§ Dataset records
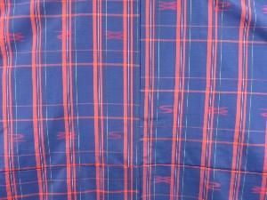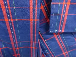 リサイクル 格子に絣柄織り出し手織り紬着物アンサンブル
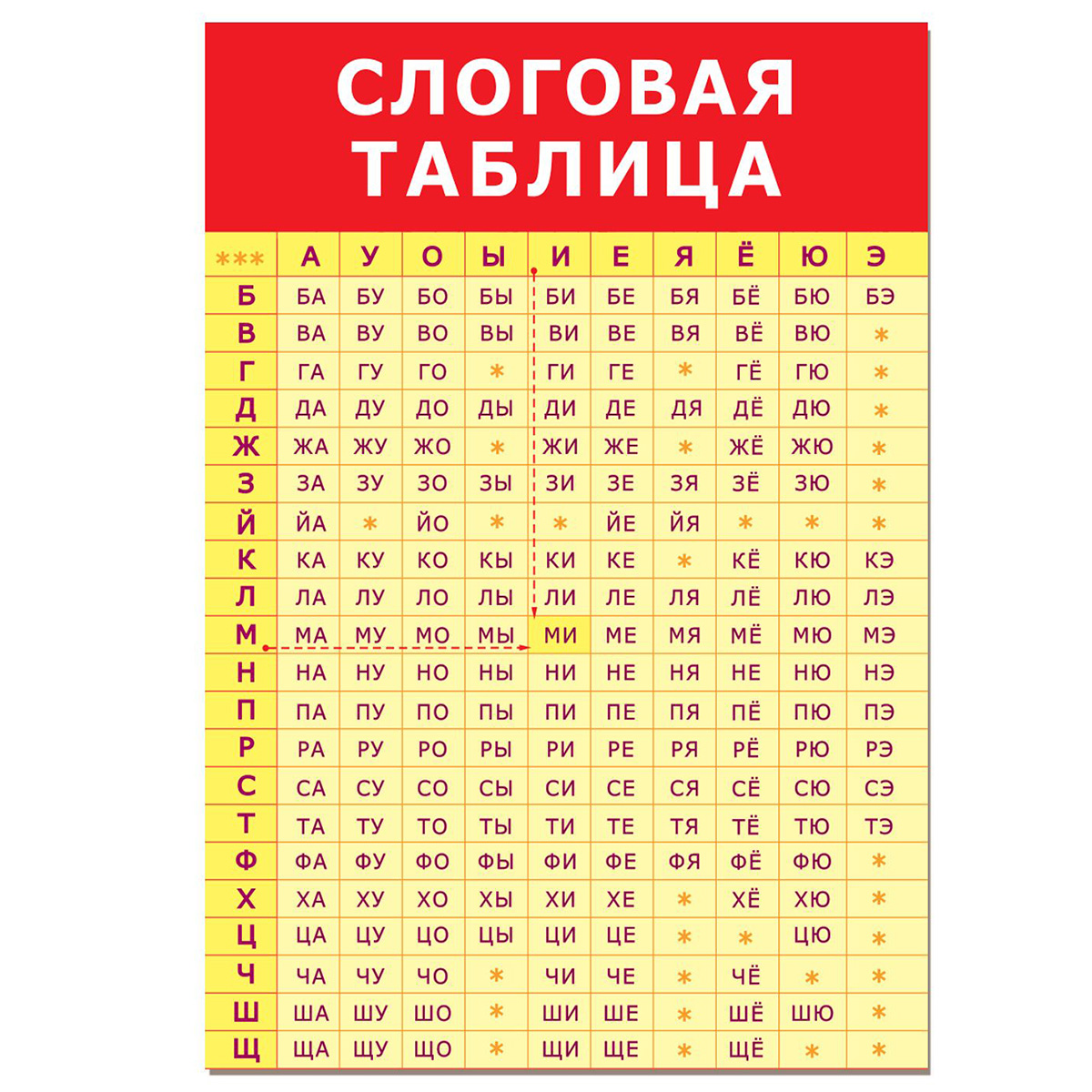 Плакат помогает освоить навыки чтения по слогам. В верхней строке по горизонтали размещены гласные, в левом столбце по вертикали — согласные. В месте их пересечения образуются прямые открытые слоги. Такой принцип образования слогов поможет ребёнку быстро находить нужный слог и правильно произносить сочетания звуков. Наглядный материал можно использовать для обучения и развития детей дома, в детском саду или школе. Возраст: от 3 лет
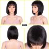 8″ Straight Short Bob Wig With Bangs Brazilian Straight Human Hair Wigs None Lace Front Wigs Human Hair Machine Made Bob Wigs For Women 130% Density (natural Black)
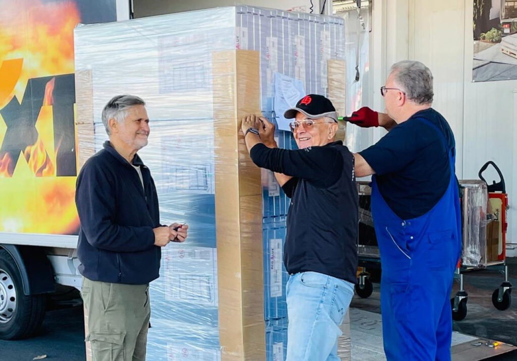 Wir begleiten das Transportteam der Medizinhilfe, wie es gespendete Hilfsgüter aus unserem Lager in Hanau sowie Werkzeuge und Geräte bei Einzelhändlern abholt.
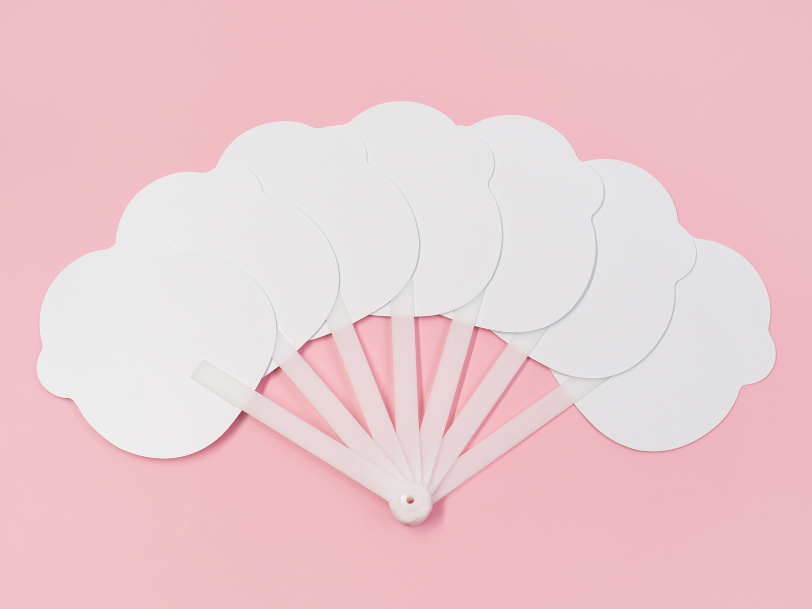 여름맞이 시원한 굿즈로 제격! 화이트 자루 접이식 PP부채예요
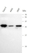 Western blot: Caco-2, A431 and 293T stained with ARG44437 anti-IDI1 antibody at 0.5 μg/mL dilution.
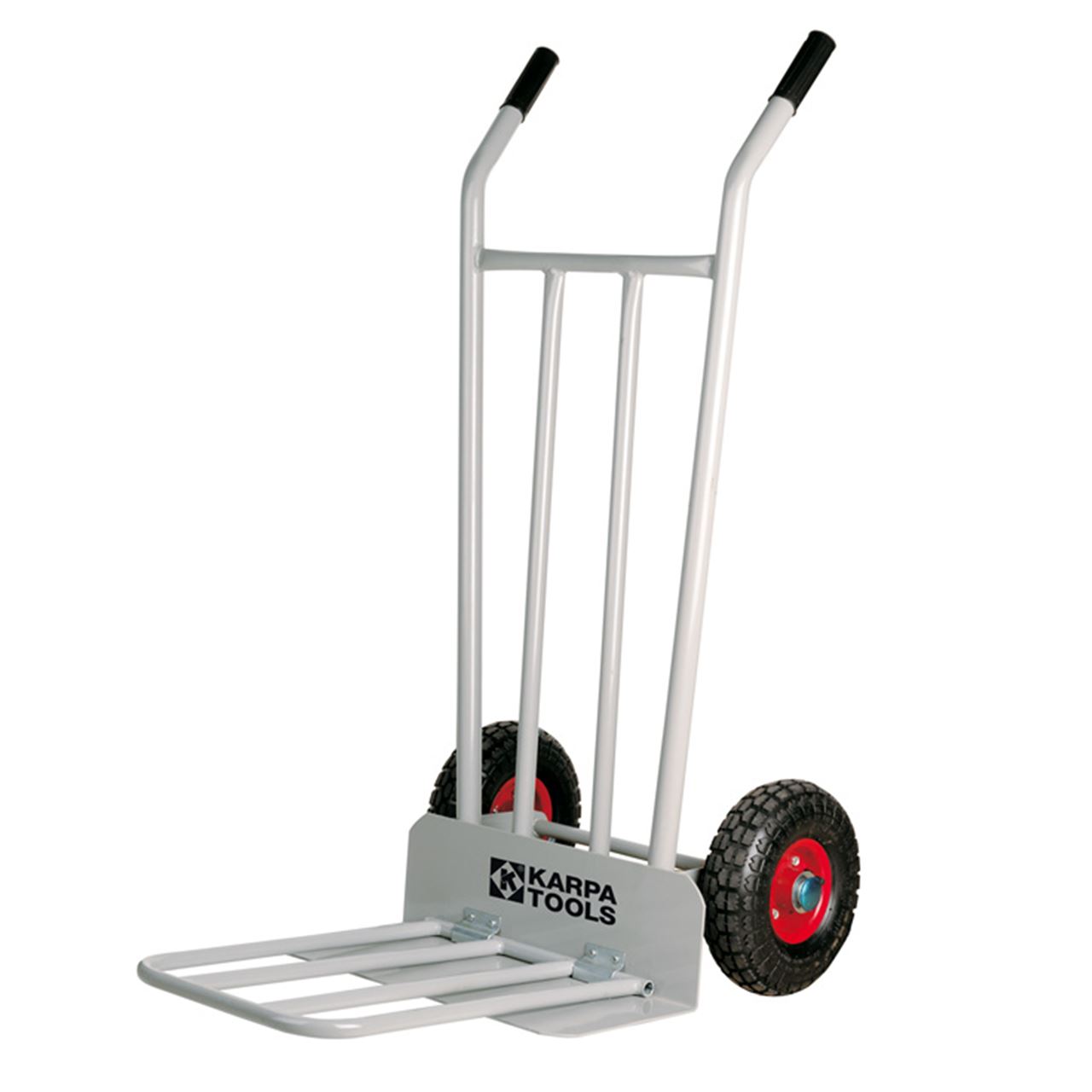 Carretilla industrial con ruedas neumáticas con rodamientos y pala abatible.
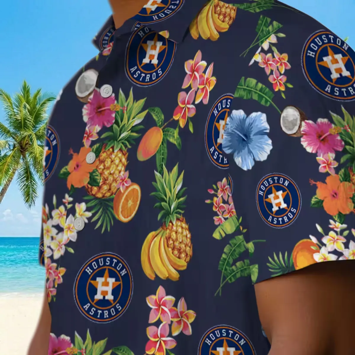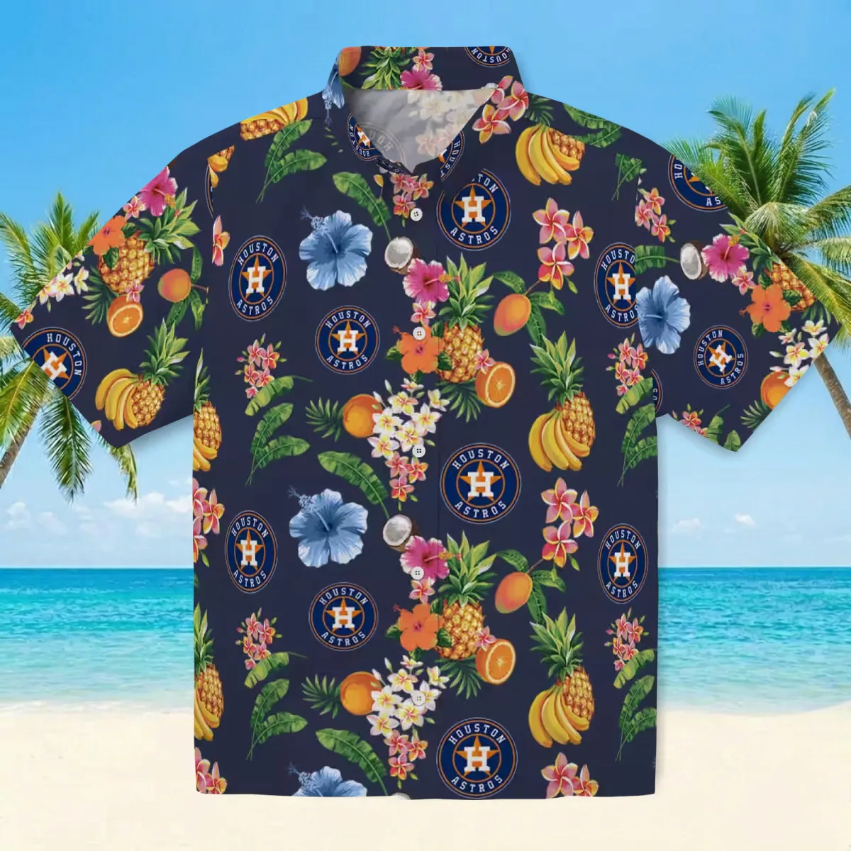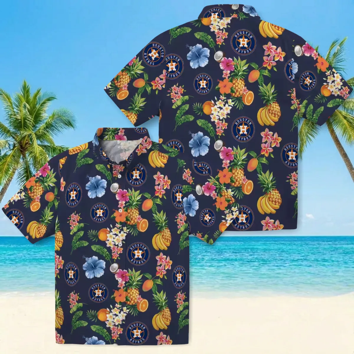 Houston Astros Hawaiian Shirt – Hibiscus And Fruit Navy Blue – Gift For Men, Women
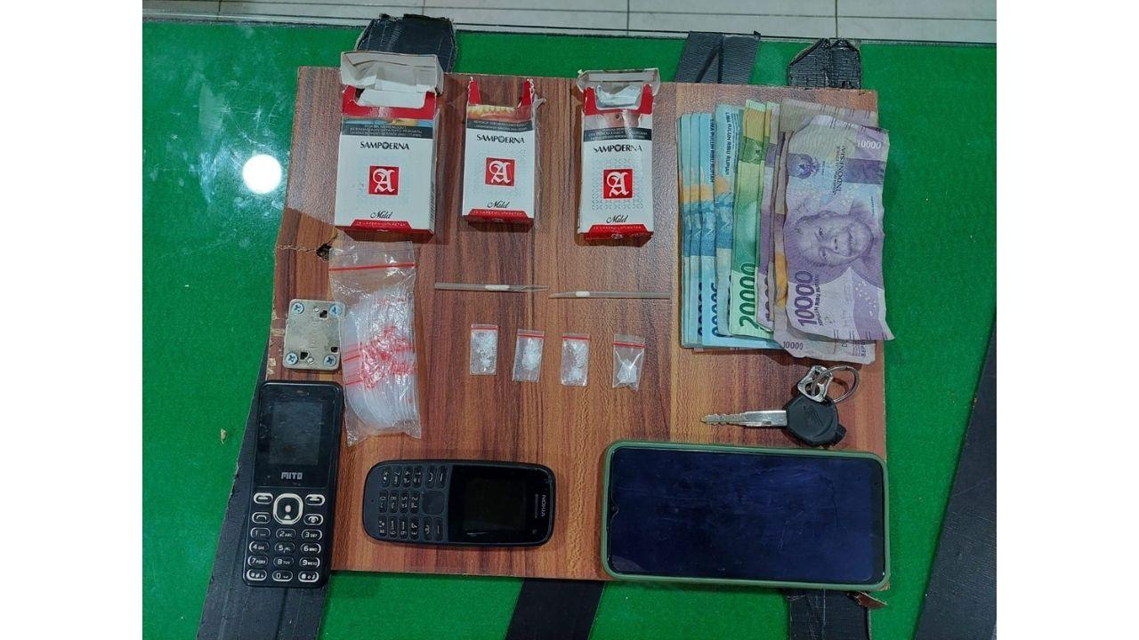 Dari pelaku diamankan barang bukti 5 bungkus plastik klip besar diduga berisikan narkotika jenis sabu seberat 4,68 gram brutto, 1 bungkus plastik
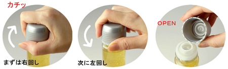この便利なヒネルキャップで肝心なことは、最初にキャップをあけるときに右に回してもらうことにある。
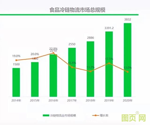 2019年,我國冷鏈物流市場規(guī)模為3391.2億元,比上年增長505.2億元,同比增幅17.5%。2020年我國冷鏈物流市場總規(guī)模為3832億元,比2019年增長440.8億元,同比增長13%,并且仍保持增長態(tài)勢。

§ YOUR GOAL
Your task is to restate word for word the lines from the top of the data to the line containing "Плакат помогает освоить", both ends included, with every picture left out.

§ THE COMPLETED TASK
 リサイクル 格子に絣柄織り出し手織り紬着物アンサンブル
 Плакат помогает освоить навыки чтения по слогам. В верхней строке по горизонтали размещены гласные, в левом столбце по вертикали — согласные. В месте их пересечения образуются прямые открытые слоги. Такой принцип образования слогов поможет ребёнку быстро находить нужный слог и правильно произносить сочетания звуков. Наглядный материал можно использовать для обучения и развития детей дома, в детском саду или школе. Возраст: от 3 лет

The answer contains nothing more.